De Renzis and colleagues made the discovery by studying the fruit fly Drosophila, which starts life as a sac. The fly's embryo is initially a single large cell, inside which nuclei divide and divide, until, at three hours old, the cell membrane moves in to surround each nucleus, so that in about an hour the embryo goes from one to 6000 cells. As this happens, cells change shape. The cell membrane starts off with lots of finger-like tendrils sticking out of the embryo, and in about 10 minutes it smoothes down to a flat surface, like a rubber glove transforming into a round balloon.

The EMBL scientists found that, for this quick shape-shift to happen, the cells 'eat up' their finger-like offshoots. And, to quickly take up all that excess membrane, cells adapt their 'feeding strategy'. Instead of bending a little pouch of membrane inwards and eventually detaching it into the cell as a round pod, or vesicle, the fruit fly embryo's cells suck in long tubes of membrane. Once inside the cell, those tubes are then processed into smaller vesicles.

The findings, which include uncovering one of the key molecules involved, provide a new way of thinking about how cells take on the shape required to perform different tasks - and not only in fruit flies.
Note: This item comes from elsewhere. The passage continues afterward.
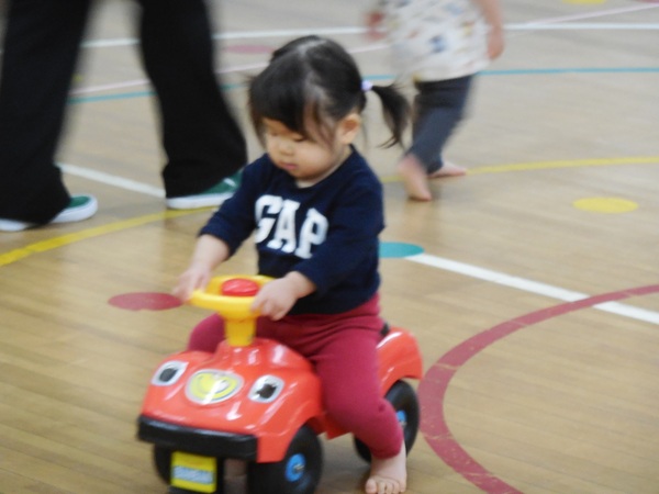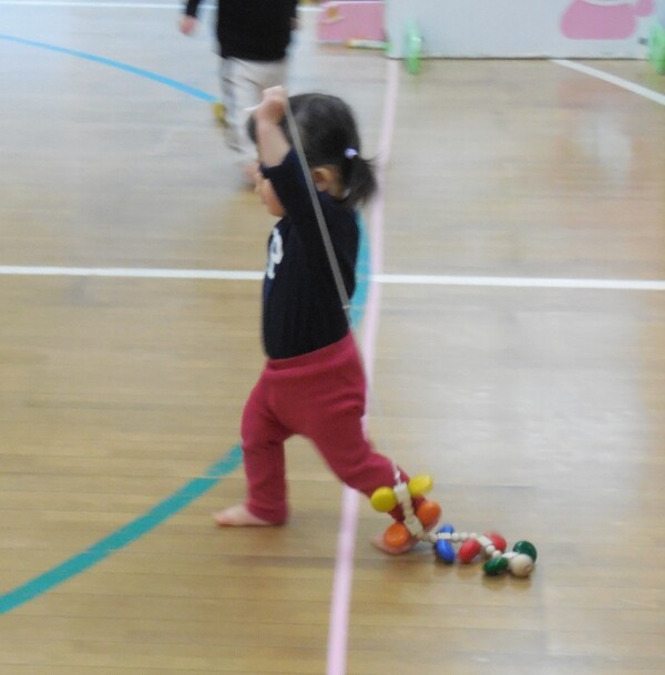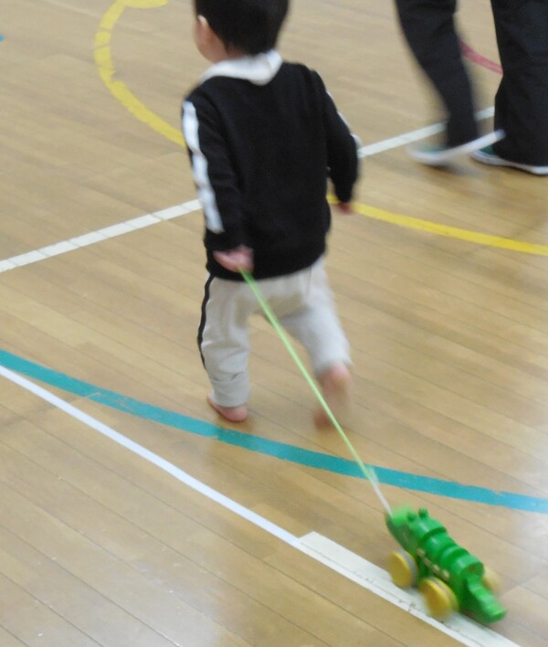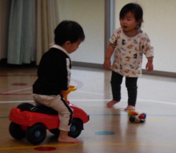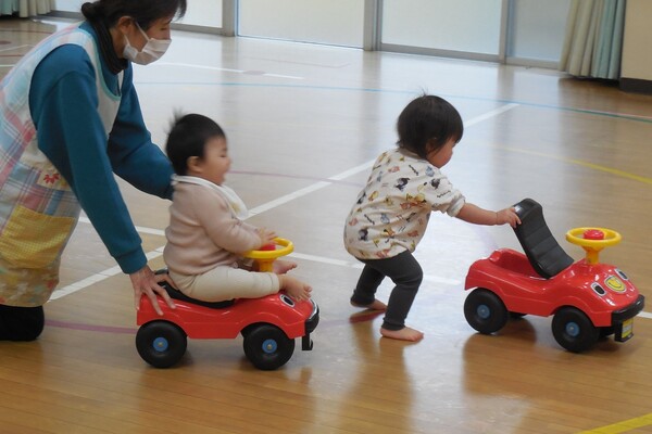 遊戯室でお出かけ ひよこ組さん、遊戯室でお出かけごっこ。カタカタと音のなる動物さんをひいてお散歩へ。音が鳴るのが楽しくて小走りになったりゆっくり歩いたりと、とっても楽しそう。車にも乗ってお出かけへ。足を上手に動かし前に進んだり方向を変えたりと、立派なちびっ子運転手さんでした。 2025/12/03

"This outward-facing - or apical - surface is the main difference between different kinds of epithelial cell," says De Renzis. "The cells on your skin are smooth, but the ones lining your intestine have lots of 'fingers' like our fly embryos, and we know for instance that some bowel diseases involve problems in those 'fingers'."

For this work, Piotr Fabrowski in De Renzis' lab developed a new strategy for imaging the fruit fly embryo and Aleksandar Necakov, a joint post-doctoral fellow in the De Renzis and John Briggs labs at EMBL, combined light and electron microscopy to see how different the swallowed membrane tubes are from the vesicles usually formed in endocytosis.